Oui, le message peut-être un critère de choix, mais parfois, le sens d’une chanson est dépassé par ce qu’elle provoque physiquement chez les gens qui l’écoutent, sans autre but que de nous divertir. C’est comme la danse contemporaine : certains détestent, certains adorent, c’est bizarre, on ne comprend pas. Or c’est son seul but : provoquer des réactions, des sensations, au-delà du sens.
N’oublions pas que les Jeux Olympiques sont une grande fête. Peut-être alors faudrait-il faire primer le talent et le charisme de l’artiste, capable de captiver le public et de l’embarquer dans son univers musical, presque « malgré lui » s’il le faut, sans chercher à comprendre pourquoi ?
À travers l’art, n’est-on pas à la recherche d’un peu de magie ? De quelque chose qui transcende l’instant et le grave dans nos mémoires ? Dans une société en perte de repères spirituels, où le sacré s’éloigne de plus en plus de l’espace public, l’art en général, et la musique en particulier, indépendamment de son texte et de son « sérieux » ou non – rappelons que le monde entier a quand même dansé sur Gangnam Style ! – n’ont-ils pas ce pouvoir de nous rappeler à ce qu’il y a de profondément et universellement humain, enthousiaste et solidaire en nous ?
Choisir un artiste pour représenter la France aux Jeux Olympiques est une décision complexe. Les critères objectifs listés ci-dessus ne peuvent à eux seuls permettre ce choix. La popularité, la reconnaissance, l’image de la France, la portée du message, le talent de l’artiste sont évidemment à prendre en compte, mais toute la question est de savoir quel coefficient appliquer à chaque critère.

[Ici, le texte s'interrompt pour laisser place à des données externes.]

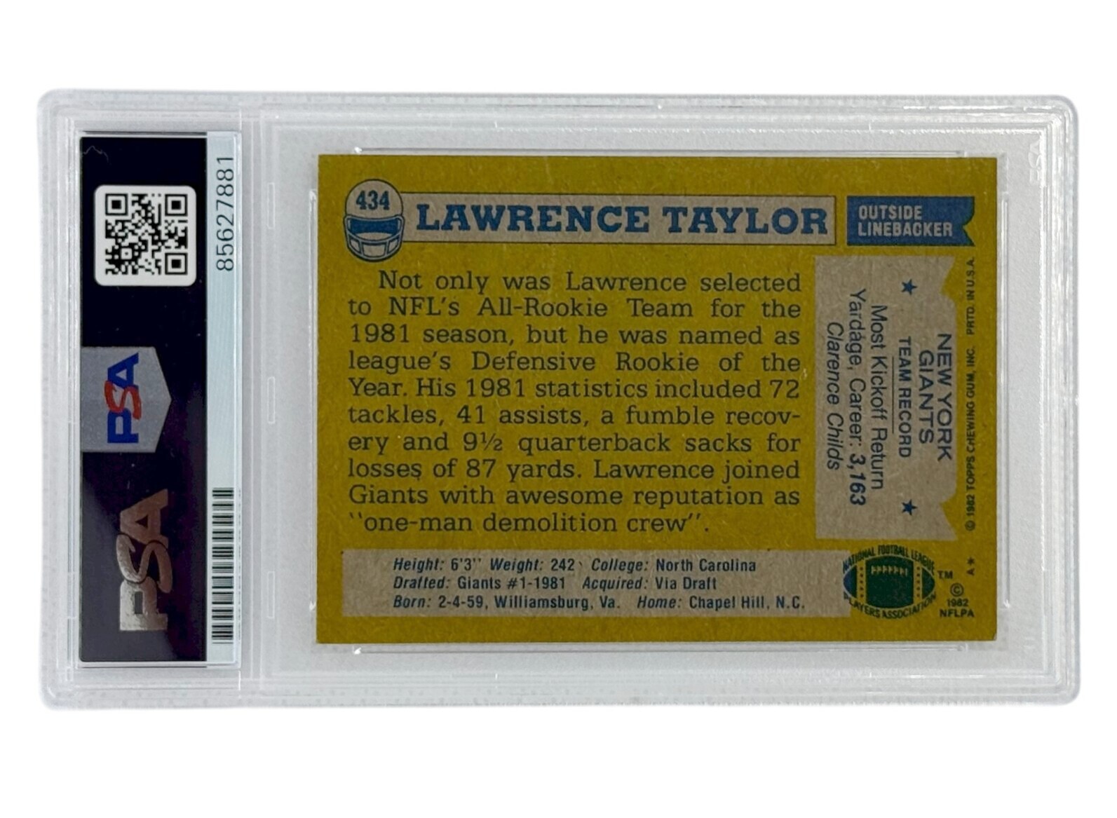 Lawrence Taylor Autographed 1982 Topps Rookie Card #434 PSA Authenticated

Certains vont affirmer que la popularité et le talent passent en premier. D’autres appuieront plutôt sur ses références culturelles. L’image de la France, je l’ai dit, est loin d’être un ensemble homogène : elle ressemble plus à une photo de classe qu’à un portrait officiel. Comment, dans ce cas, trouver la perle rare qui va représenter à la fois ceux qui sourient, ceux qui font la tête, ceux qui ferment les yeux et ceux qui regardent ailleurs ?
Pour ma part, je crois que l’artiste idéal serait celui qui, à l’instant T, serait capable de faire oublier tous ces critères et de simplement pousser tout le monde à la fête.